Multi-Judge Panel Design

One judge isn't enough — you need a judge panel. But a panel isn't just running the same judge three times — you need differentiated judge roles.

Four Judge Roles

Based on decision scenarios, we define four complementary judge roles:

Role Expertise Domain Focus Dimension Emphasis
Technical Judge Implementation, architecture Technical accuracy, implementation feasibility Logic 40%, Evidence 35%
Business Judge Business model, ROI, cost-benefit Business soundness and cost implications Evidence 40%, Logic 30%
Risk Judge Risk assessment, edge cases, failure modes Whether arguments overlook hidden risks and boundary conditions Responsiveness 35%, Honesty 30%
General Judge Holistic evaluation, balancing all factors Overall debate quality and information completeness Standard weights (L2 defaults)

Different dimension emphasis means: the Technical judge weights logically rigorous arguments higher, while the Business judge weights arguments with concrete ROI data higher. This isn't favoritism — it's targeted differentiation.

⚠️ Differentiation ≠ isolation: All four judges read the complete debate transcript. Their difference lies in what they pay attention to, not in what they're allowed to see. If you restrict the Technical judge to only technical arguments and the Business judge to only business arguments, you're fragmenting information, not enriching perspectives.

Panel Orchestration Flow

Multi-judge evaluation isn't "run them in parallel and average." It follows a strict execution order:

  1. Independent Scoring Phase: Each judge independently reads the full debate transcript and produces independent scores and classifications. Judges do not communicate with each other — this is critical for ensuring independence.
  2. Calibration Phase: Normalize all judges' raw scores (Z-Score or Min-Max) to eliminate individual scoring habits.
  3. Weighting Phase: Apply different weights to calibrated scores based on each judge's domain relevance and historical accuracy.
  4. Consensus Calculation Phase: Compute Krippendorff's Alpha and Fleiss' Kappa to quantify inter-judge agreement.
  5. Divergence Decision Phase: If Alpha ≥ 0.67, synthesize weighted scores into a conclusion. If Alpha < 0.50, flag as "irreconcilable disagreement" and trigger human intervention.

Weighted Voting Mechanism

Not all judges are equal. We introduce two layers of weighting:

Layer 1: Domain Relevance Weight

Different judges have different authority for different types of debates:

Debate Topic Type Technical Weight Business Weight Risk Weight General Weight
Tech Stack Decisions 0.35 0.20 0.25 0.20
Business Decisions 0.20 0.40 0.20 0.20
Security/Compliance 0.20 0.15 0.45 0.20

These weights shouldn't be arbitrary — they should be automatically matched by keywords in the debate topic. For instance, when a topic contains "architecture," "tech stack," or "performance," the Technical judge's weight is automatically raised.

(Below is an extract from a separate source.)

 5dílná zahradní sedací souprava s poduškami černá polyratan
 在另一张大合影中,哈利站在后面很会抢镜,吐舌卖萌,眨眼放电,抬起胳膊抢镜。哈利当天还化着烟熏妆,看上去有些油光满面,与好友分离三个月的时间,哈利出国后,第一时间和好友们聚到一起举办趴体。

Layer 2: Historical Accuracy Weight

This is a more advanced mechanism — tracking each judge's performance across historical debates and dynamically adjusting weights.

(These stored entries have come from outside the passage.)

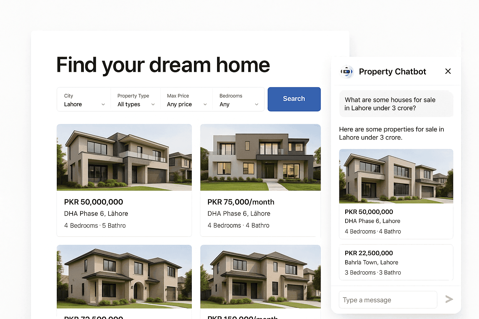 A custom real-estate chatbot for Graana — users ask property questions, the bot replies and shows matching results in-chat.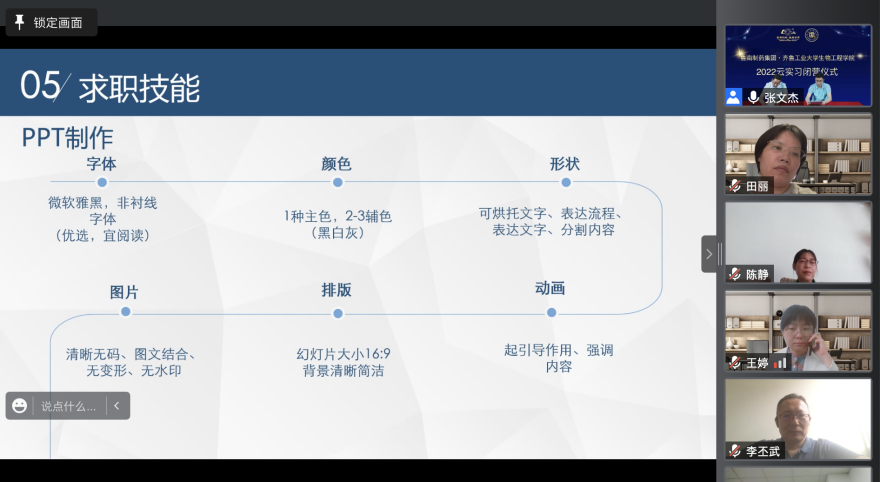 2022年5月23日至2022年5月31日,齐鲁工业大学生物工程学部19级生物工程专业本科学生以及学部领导李丕武、王婷、生物工程系主任刘同军及亓正良、张大伟、陈静、田丽、郑凯、岳秋林、蒋艺等老师一同参加了此次鲁南制药集团为期七天的线上云实习活动。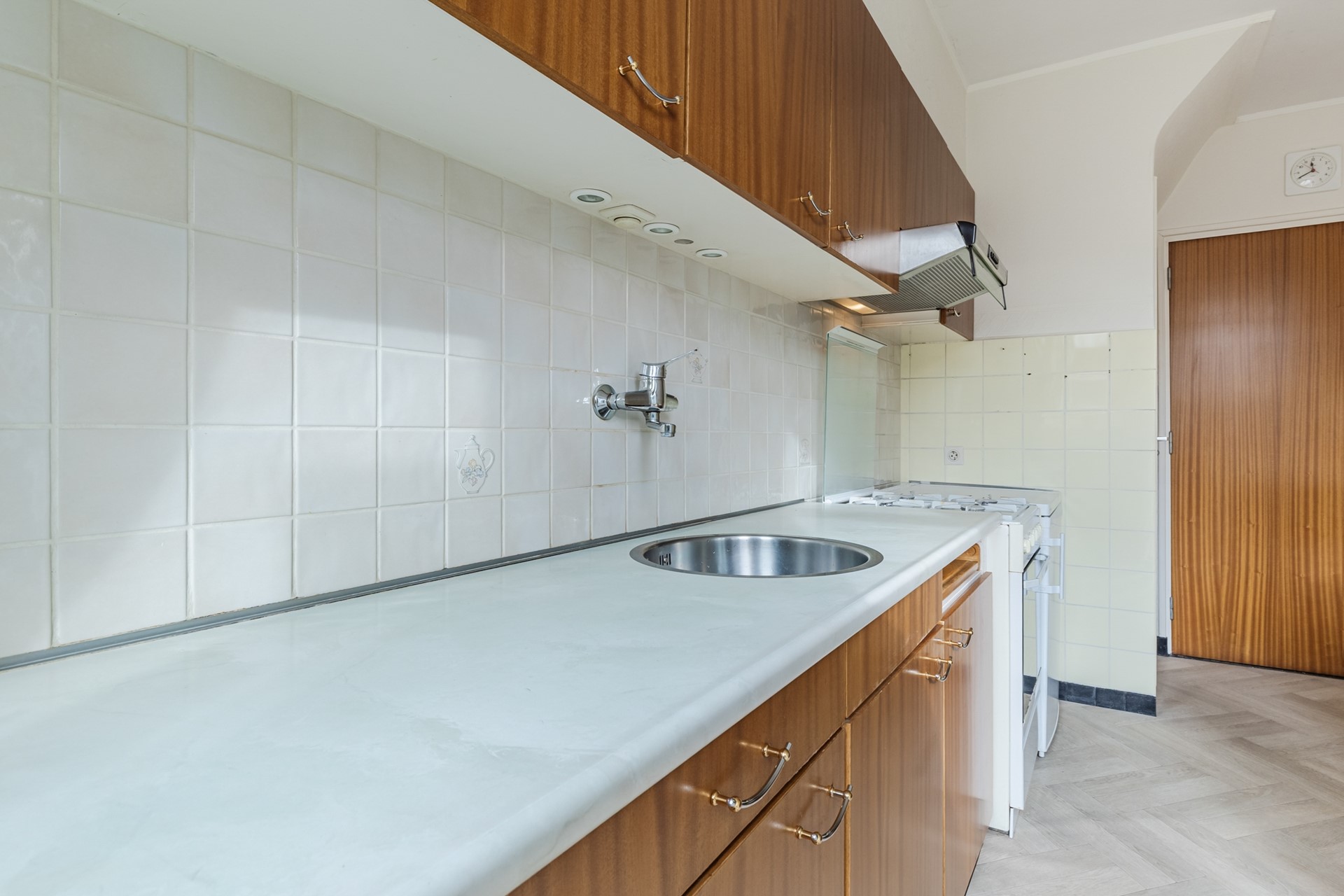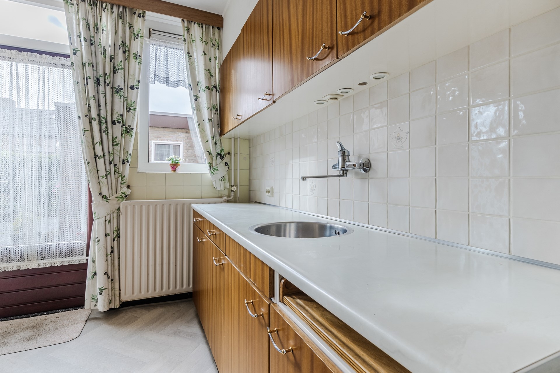 Via de woonkamer is er toegang tot de afgesloten leefkeuken, De keuken (ca. 10m2) is ingericht met een eenvoudig maar keurig keukenblok voorzien van veel opbergruimte en een losstaand 4 pits gasfornuis met oven en afzuigkap en een tafelmodel koelkast. Een loopdeur in de keuken geeft toegang tot de tuin. In de woonkamer en hal ligt vloerbedekking, in de keuken ligt een Novilon visgraatvloer.

How do we assess judge accuracy? A practical approach:

⚠️ The accuracy weight trap: "Agreeing with the majority" does not equal being correct. Historical accuracy weighting should primarily use calibration debates (with known ground truth), not majority voting to penalize minority opinions. Throughout scientific history, correct minority views have been suppressed by majorities countless times. Our implementation uses accuracy weights only for ground-truth calibration debates.

Consensus Metrics: Krippendorff's Alpha & Fleiss' Kappa

This is the most technically substantive section of the article. Let's break down the mathematical principles and code implementations of both metrics.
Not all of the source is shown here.